1) Field of the Invention
The present invention relates to an electrophotographic recording apparatus such as a copying machine, a laser printer or the like, and in particular, relates to an improvement of such an electrophotographic recording apparatus in which a one-component developer is used for recording an image.
2) Description of the Related Art
In an electrophotographic recording apparatus, the following processes are typically carried out:
a) a uniform distribution of electrical charges is produced on a surface of an electrostatic latent image carrying body;
b) an electrostatic latent image is formed on a charged area of the body surface by an optical writing means such as a laser beam scanner, an optical projector or the like;
c) the latent image is developed as a visible image with a developer or toner, which is electrically charged to be electrostatically adhered to the latent image zone;
d) the developed toner image is elect ostatically transferred from the body to a sheet of paper; and
e) the transferred toner image is fixed on the sheet of paper by a toner image fixing means such as a heat roller.
Typically, the electrostatic latent image carrying body may be an electrophotographic photoreceptor, usually formed as a drum and called a photosensitive drum, having a cylindrical conductive substrate and a photoconductive insulating film bonded to a cylindrical surface thereof.

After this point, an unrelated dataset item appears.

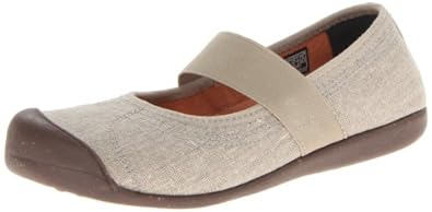 • Crisp, linen-like fabric encases the simple mary-jane silhouette of this cork-contoured flat by KEEN.

In general, the charged area on the drum is produced by an electric discharger such as a corona discharger, and this type of discharger is also used for the transfer of the developed toner image from the drum to the paper.
As one type of developer, a two-component developer, which is well known, is composed of a toner component (colored fine synthetic resin particles) and a magnetic component (magnetic fine carriers). Note, typically the toner particles have an average diameter of about 10 μm, and the magnetic carriers have a diameter ten times larger than the average diameter of the toner particles. Usually, a developing device using this type developer includes a vessel for holding the two-component developer, wherein the developer is agitated by an agitator provided therein. This agitation causes the toner particles and the magnetic carriers to be subjected to triboelectrification, whereby the toner particles are electrostatically adhered to each of the magnetic carriers. The developing device also includes a magnetic roller provided within the vessel as a developing roller in such a manner that a portion of the magnetic roller is exposed therefrom and faces the surface of the photosensitive drum. The magnetic carriers with the toner particles are magnetically adhered to the surface of the magnetic roller to form a magnetic brush therearound, and by rotating the magnetic roller carrying the magnetic brush, the toner particles are brought to the surface of the drum for the development of the electrostatic latent image formed thereon.
In this developing process, a quality of the developed toner image, and therefore the recorded toner image, greatly depends upon an amount of electric charges of the toner, and the amount of electric charges is governed by environmental factors, especially, a temperature and air moisture content. In general, under a low temperature and low air moisture content, the electric charges of the toner become larger, whereas under a high temperature and high air moisture content, the amount of charges of the toner become smaller. When the toner is excessively charged, a density of the toner image is lowered to thereby cause a deterioration of the recorded toner image. On the contrary, as the charges of the toner become smaller, the density of the toner image becomes higher, but an electrophotographic fog appears as a stain on the sheet or paper when the charges of the toner are too small.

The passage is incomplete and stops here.